Data extracted from a collection:
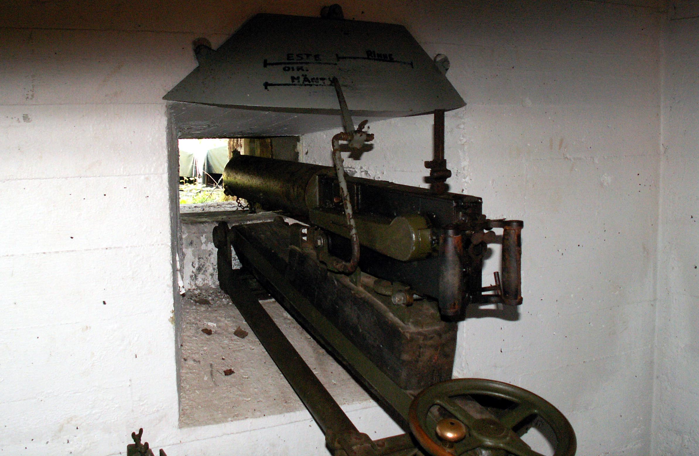 A Maxim machine gun in a bunker, part of the Finnish Salpa Line. Located at the Salpa museum at Miehikkälä, Finland.
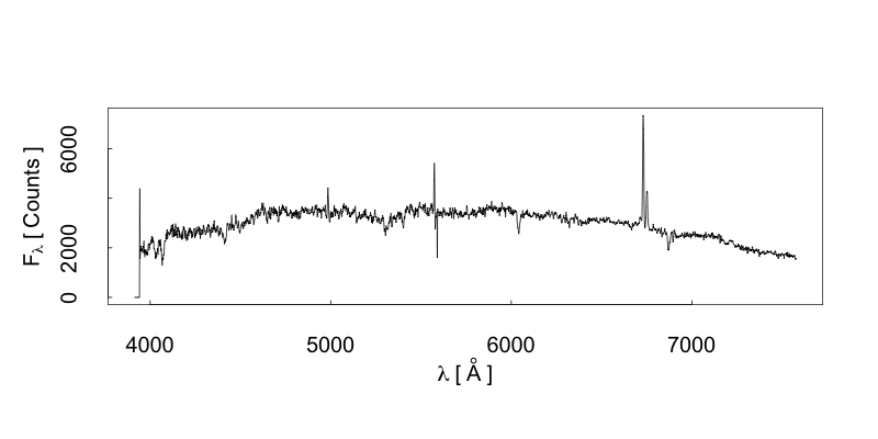 Optical spectrum of the nucleus of NGC 1099 obtained with the Anglo-Australian Telescope in the range from 3913.0 Å to 7578.1 Å with resolution 5.8 Å.
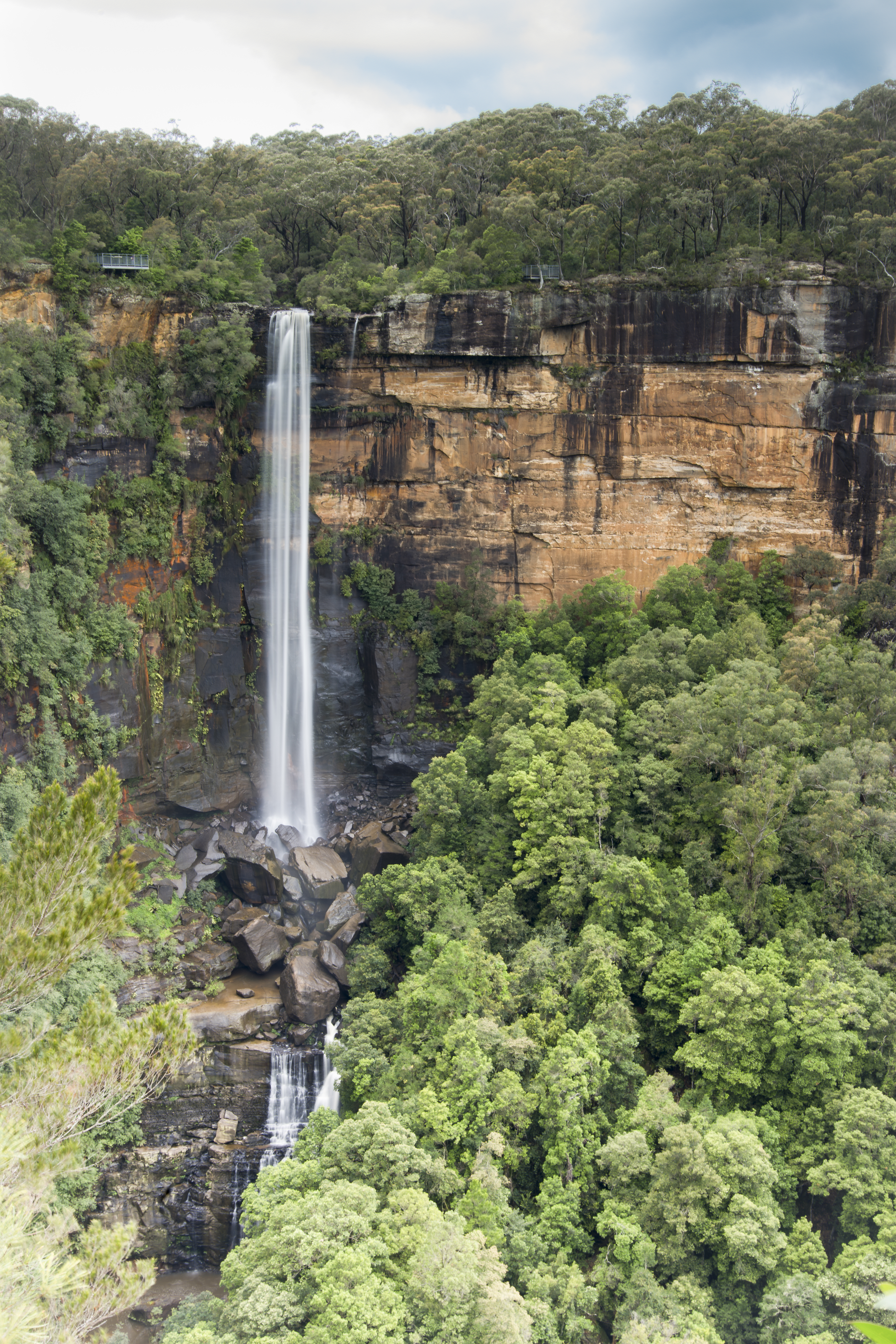 Southern Highlands, Austalia
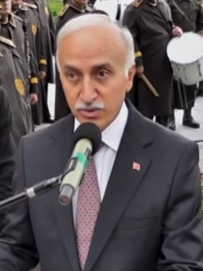 Turkish governor and former general manager of the TRT and PTT İbrahim Şahin
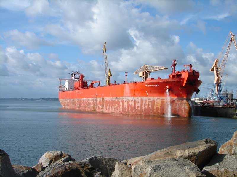 The shuttle tanker Gerd Knutsen in Brest.
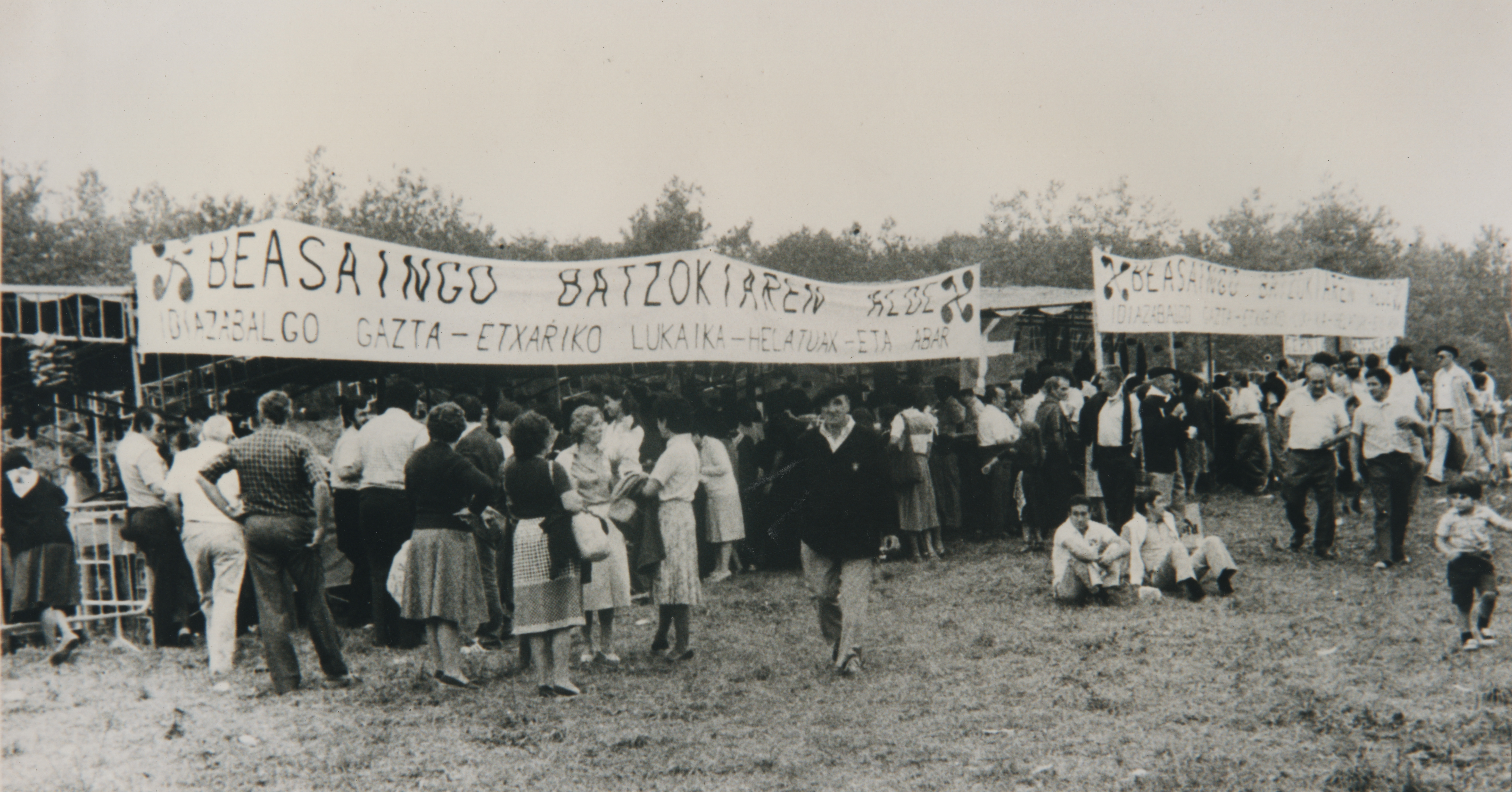 Party Day, Aixerrota 1979 . A collection of historical photographs of the EAJ-PNV in Beasain.
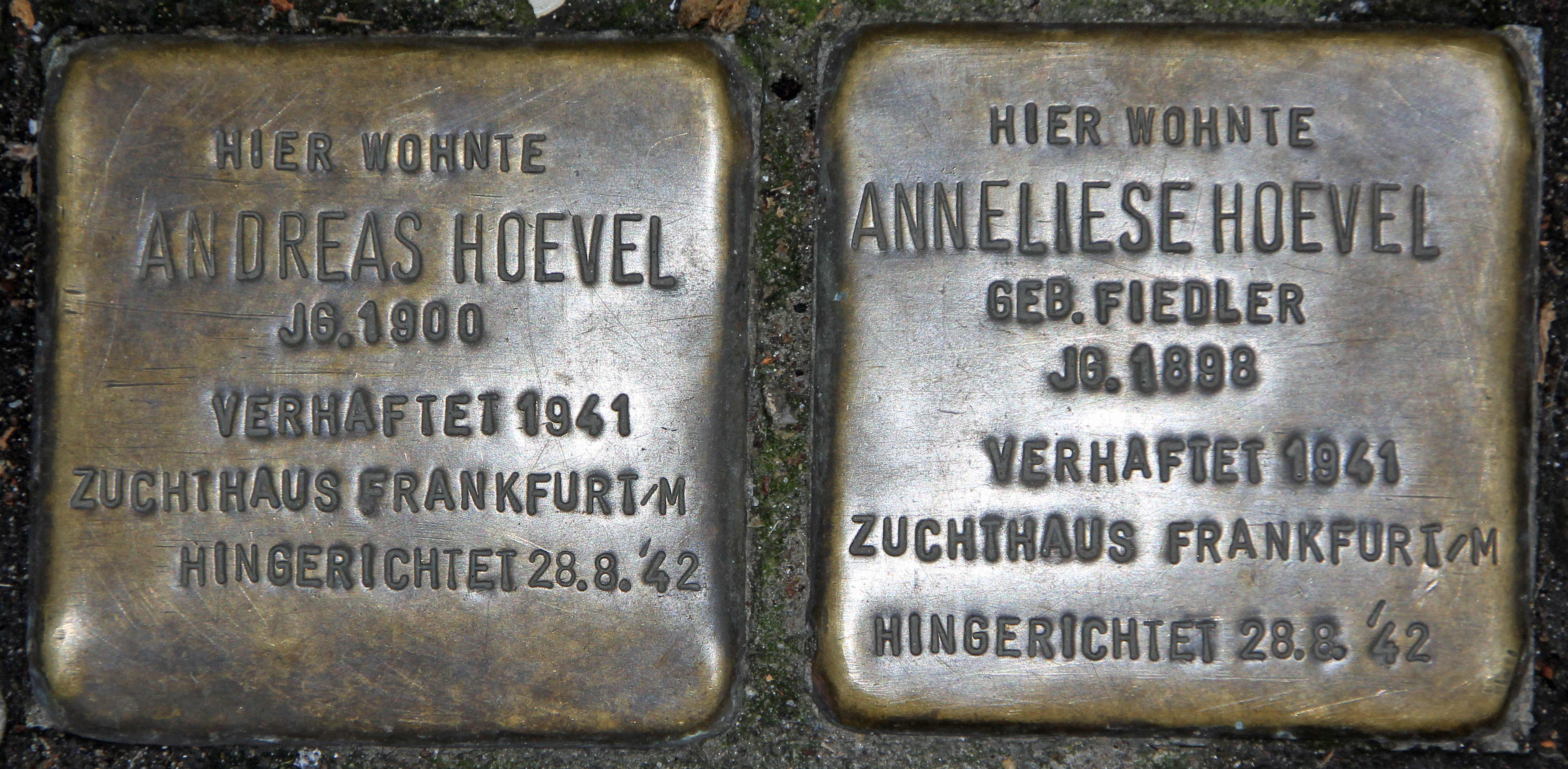 Stolperstein in Koblenz
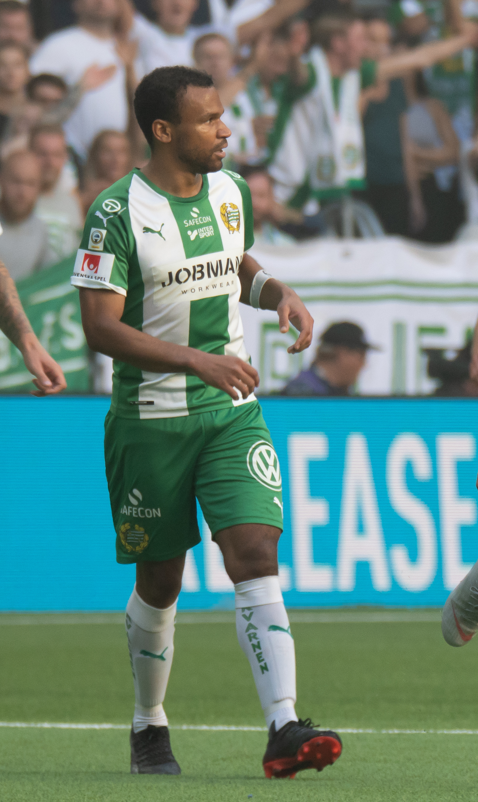 Hammarby-Djurgården 2018-09-03, Martinsson Ngouali cropped
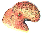 Drawing of the head of a Guianan Cock-of-the-rock (Rupicola rupicola)
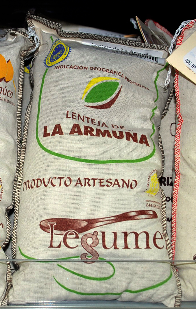 Lentils of La Armuña (Salamanca, Castile and León).
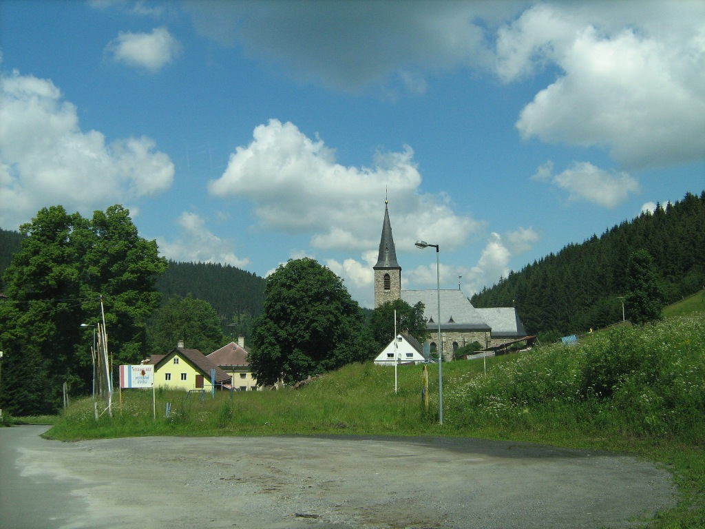 Horní Údolí village, Zlaté Hory, CZ
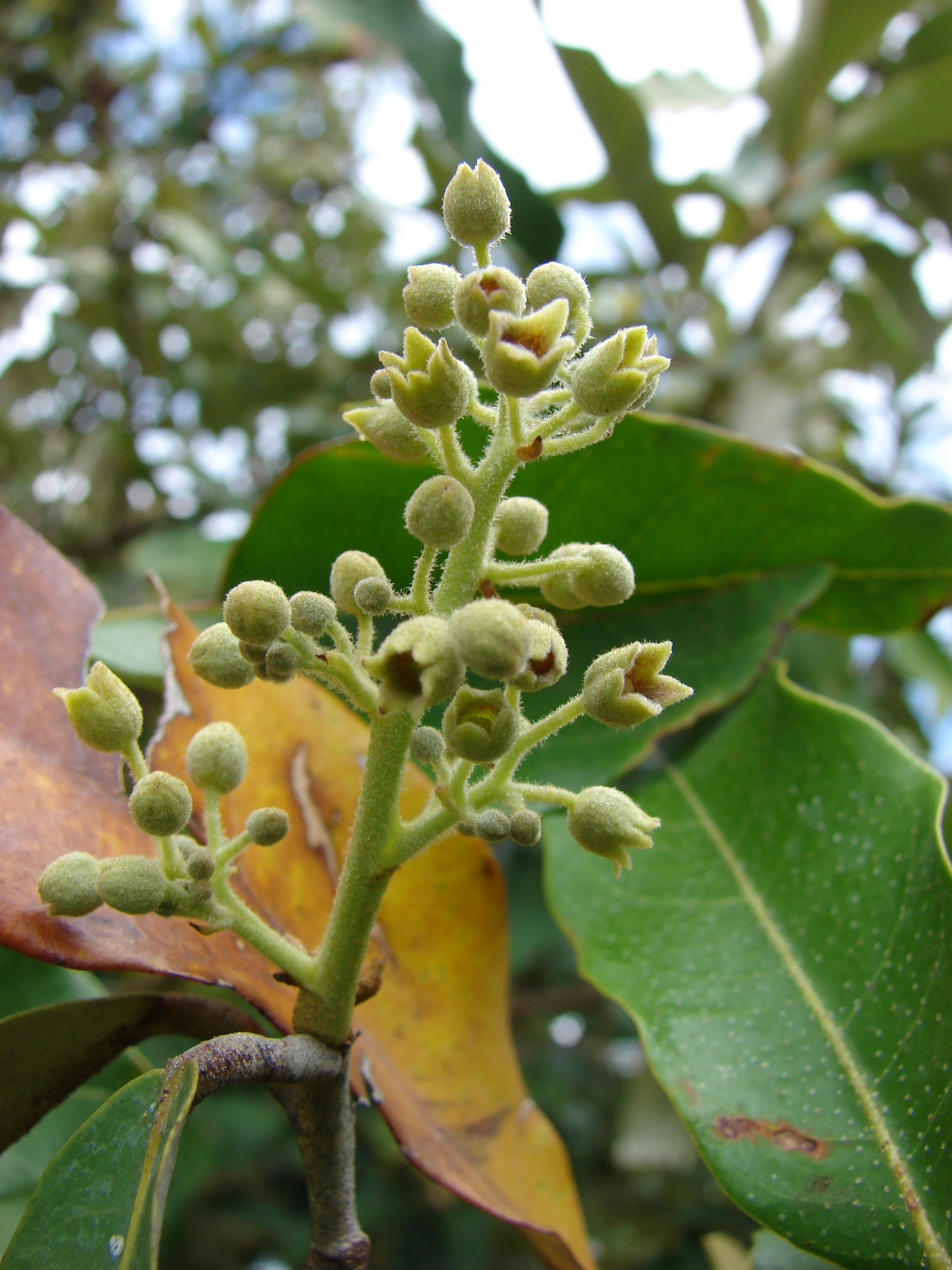 Heritiera littoralis (flowers). Location: Oahu, Keehi Lagoon

Requirement: Reproduce these records exactly, but not the pictures.

Response area:
 A Maxim machine gun in a bunker, part of the Finnish Salpa Line. Located at the Salpa museum at Miehikkälä, Finland.
 Optical spectrum of the nucleus of NGC 1099 obtained with the Anglo-Australian Telescope in the range from 3913.0 Å to 7578.1 Å with resolution 5.8 Å.
 Southern Highlands, Austalia
 Turkish governor and former general manager of the TRT and PTT İbrahim Şahin
 The shuttle tanker Gerd Knutsen in Brest.
 Party Day, Aixerrota 1979 . A collection of historical photographs of the EAJ-PNV in Beasain.
 Stolperstein in Koblenz
 Hammarby-Djurgården 2018-09-03, Martinsson Ngouali cropped
 Drawing of the head of a Guianan Cock-of-the-rock (Rupicola rupicola)
 Lentils of La Armuña (Salamanca, Castile and León).
 Horní Údolí village, Zlaté Hory, CZ
 Heritiera littoralis (flowers). Location: Oahu, Keehi Lagoon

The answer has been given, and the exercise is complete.